Posted to dev@subversion.apache.org by Ben Collins-Sussman <su...@collab.net> on 2005/08/01 22:30:36 UTC

Re: logging: are we there yet?

On Jul 27, 2005, at 6:10 PM, Nicolás Lichtmaier wrote:

>
>
>>   2. mod_dav_svn learns to write "high level" logs, in addition to  
>> the
>>      existing low-level ones.
>>
>>        --> a number of apache developers have told me about  
>> legitimate
>>            methods to write 'custom' svn messages into apache's
>>            accesslog.
>>
>>
>>   3. nothing else writes logs.
>>
>>        --> Logs aren't interesting or important (or trustworthy, or
>>            even necessarily complete) unless we're talking about
>>            server programs talking to clients over a network.
>>
>
>
> I don't like it. It means logging is specific to the way the  
> repository is served.

Exactly.  Logging is a property of the *server*, not the repository.


> Wouldn't it be better to make logging independent of that?

We already some variants of this idea, and ended up not liking them.   
Greg Hudson (and others) pointed out that the only trustworthy,  
interesting logging comes from servers.  That's why we're advocating  
a server-centric design here, not a repository-centric design.

For example:  apache might serve a dozen different websites using  
VirtualHost.  We don't see separate logfiles for each site, we see  
logfiles for *apache*.  The same idea would go for svnserve.  It has  
a single logfile, even though it may be serving a dozen  
repositories.  The history of a single repository can be found by  
parsing the log.

With a single logfile, you can view *all* accesses in one place, and  
also extract individual repository access histories.  If each  
repository had its own logfile, then doing a security audit would be  
a real pain;  you'd have to hunt down each logfile and scan it  
separately.


> What about repositories which are used with several access methods?
>

Then they get both apache and svnserve logs of activity.  Bonus.

(Besides, this is a small edge case.  How many projects can you name  
that do this?)


> Although I'm not a developer I'd like to propose a different approach:
[...]
> Local file access is logged two! The argument about it having no  
> meaning... has no meaning! The "security" of the log system would  
> be no better than the security of the repository itself. Somebody  
> who uses file:// access doesn't care about security, and he still  
> may want to see how his repository is used.

As Greg Hudson already said, this is why process accounting tools exist.

>
> All of this means logging to simple files. System logging is  
> usually useful for system events. Who would like to see each "svn  
> up" as an informational event in Windows' event viewer?

Many people.  The whole appeal of Greg's proposal is that OS logging  
facilities exist for more than just the OS -- they're supposed to be  
used by "well behaved" applications.  They're accessible and  
parseable by multiple tools.  We're trying to make svnserve into a  
"well behaved" program, rather than have it reinvent the wheel.

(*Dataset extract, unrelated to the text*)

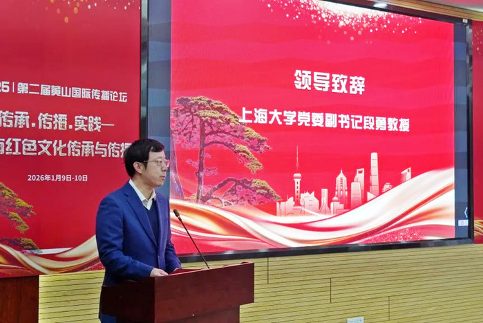 段勇在致辞中表示,上海大学将以本届论坛为纽带,进一步整合政产学研用多方资源,深化校校、校地协同协作机制,推动红色文化在新时代实现创新性传播,持续扩大其国际影响力与感召力。

> [...] Simple file-logging has several advantages: Logs are the same  
> cross-platform, and Subversion is heavily cross-platform.

Subversion is still "cross platform" and "portable".  As mentioned  
earlier, there's nothing "unportable" about using an OS-specific  
service.  That's what APR does already in many cases.  What's  
portable here is that logging is happening on every platform, not the  
means used to achieve the logging.


> Tools can be written to accesss them, process them and give  
> statistics.

You can argue that it would be convenient to write a single tool  
which parses svnserve logs on every OS.  But then we can counter- 
argue that tools to parse win32 and syslogd events *already* exist  
and are standard.

The other disadvantage of implementing our own private logfiles is  
the issue of workload:  as discussed in earlier threads, this is not  
a trivial task.  It's a big wheel to reinvent.  We have to worry  
about formatting flexibility, atomic log writes, and log rotation  
too.  Or, we can use existing systems that already do this.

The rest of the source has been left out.